La recensione, “A casa tutti bene”: mica tanto!

Una grande famiglia si riunisce per festeggiare i cinquant’anni di matrimonio di Alba (Stefania Sandrelli) e Pietro (Ivano Marescotti). Nell’isola dove si festeggia, sono presenti i figli di Alba e Pietro, Carlo (Piefrancesco Favino), la sorella perfettina Sara (Sabrina Impacciatore) e l’attuale compagna di Carlo, l’insicura e nevrotica Ginevra (Carolina Crescentini). Vengono poi raggiunti dai restanti parenti: il poeta “on the road” Paolo (Stefano Accorsi), fratello di Carlo e Sara; Diego (Giampaolo Morelli), il marito di Sara; il cugino spiantato Riccardo (Gianmarco Tognazzi) con la moglie Luana (Giulia Michelini); l’altro cugino, affetto d’Alzheimer, Sandro (Massimo Ghini), con la compagna Beatrice (Claudia Gerini).

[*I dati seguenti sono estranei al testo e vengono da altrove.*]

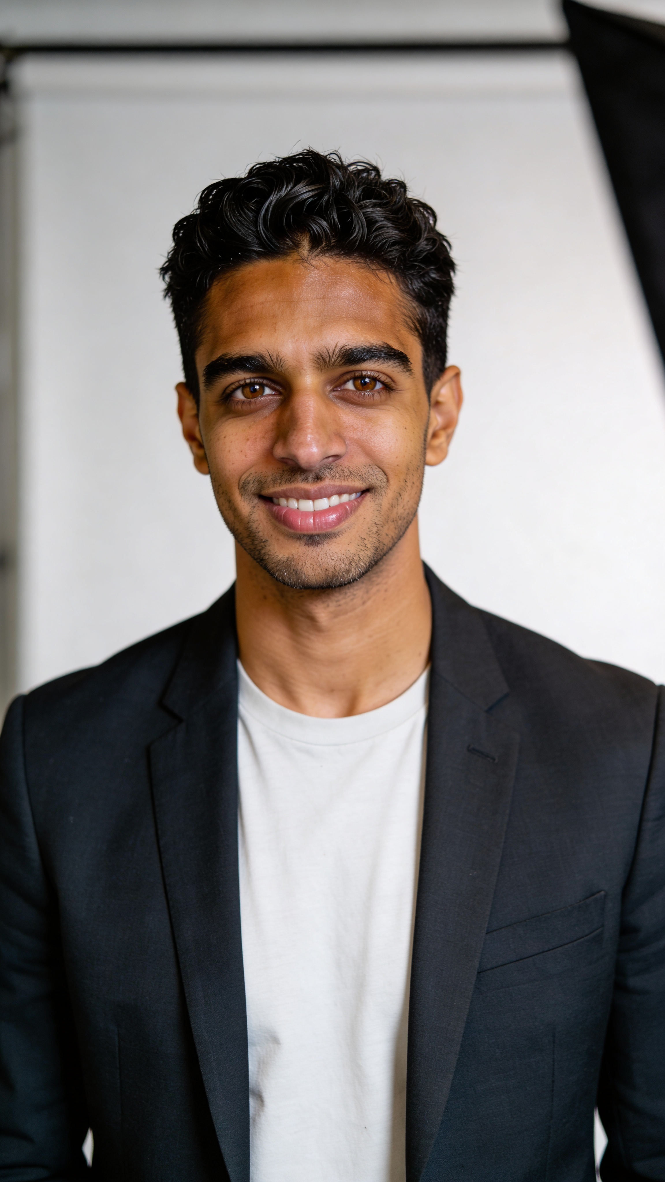 Single photograph of exactly the same person as the reference image(s), consistent identity realistic photograph, male person, 32 years old, dark-brown eyes, black hair color, textured hair style, caramel skin, Very tiny chest (flat upper body) covered with clothing Hair color must stay black. Keep hairstyle consistent (textured). Do not change defining physical features. No wigs. No hats. Face unobscured. Headshot shot. A clean, modern studio setup with a neutral light-gray backdrop and softbox lighting. The same character is framed as a crisp head-and-shoulders portrait with a confident, friendly smile, wearing a simple blazer over a solid top. Camera at eye level, shallow depth of field, natural skin texture, professional profile picture composition, no text, no watermarks, no logos, no overlays

Alla lista, si aggiungono anche Elettra (Valeria Solarino), ex moglie di Carlo, malvista da Ginevra, e la cugina Isabella (Elena Cucci). Una volta tutti insieme, i membri festeggiano le nozze d’oro dei decani di casa: vanno a messa, banchettano e parlano, si rincontrano, si confrontano e si scontrano. Purtroppo un contrattempo meteorologico blocca la famiglia nell’isola. La convivenza coatta fa emergere i lati peggiori di tutti: Carlo si dimostra un debole; la nevrastenica insicurezza di Ginevra raggiunge livelli parossistici; Paolo ha un’avventura amorosa con la cugina Isabella; Diego nasconde a Sara un tradimento; e per non farci mancare nulla, Riccardo e Luana non riescono ad ottenere aiuto economico dai propri parenti. Quando il vento si placherà, tutti ripartiranno e torneranno alle proprie vite. Ognuno ha trovato le proprie conferme e smentite, e chiunque si è dimostrato in qualche modo falso.

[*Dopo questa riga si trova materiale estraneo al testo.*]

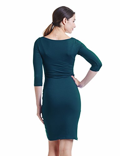 A tulip style design stretch knit dress with a V-neckline / 3/4 sleeves

A casa tutti bene, di Gabriele Muccino, è una pellicola dove si sommano stereotipi drammatici già noti, con dei cliché che chiunque ha già visto. Tradimenti, bugie, matrimoni che si reggono sulle menzogne: nessuna novità. La tecnica di Muccino è buona, sa gestire bene l’utilizzo della telecamera ed i movimenti di macchina a seconda delle situazioni drammatiche. Purtroppo però, in questo film, la bravura si nota solo nella forma visiva e non nella sostanza della sceneggiatura. I personaggi rimangono troppo vincolati a degli schemi macchiettistici. Sul versante femminile, le attrici più interessanti sono Carolina Crescentini e Valeria Solarino: la prima riesce ad essere perfettamente insicura ed odiosa, l’altra sa essere pacata e forte al tempo stesso. Sul lato maschile, è degna di nota l’insolita e bonaria veste di Massimo Ghini. Solitamente abituati a vederlo come il personaggio furbo ed opportunista, qui riesce ad entrare bene nel ruolo del debole e confuso malato di Alzheimer. Per il resto, è difficile trovare qualcos’altro di positivo. Questo lungometraggio non riesce a distinguersi da molti altri. Muccino ha voluto fare un film incentrato sulla famiglia: argomento rischioso, perché è uno dei soggetti più utilizzati in generale. Specialmente il nostro cinema ha sfornato svariati capolavori a riguardo, come Parenti serpenti (Mario Monicelli, 1992) e La famiglia (Ettore Scola, 1987): lavori come questi (e molti altri non citati) sono sempre un grosso punto di riferimento, difficili da superare ma necessari nel confronto. Gabriele Muccino può fare di più: ad esempio Ricordati di me (2003) e La ricerca della felicità (2006) sono migliori rispetto al lavoro qui trattato. Questa volta non ha dato il massimo, producendo una storia che si trascina e che rimane sospesa, terminando senza un vero e proprio epilogo.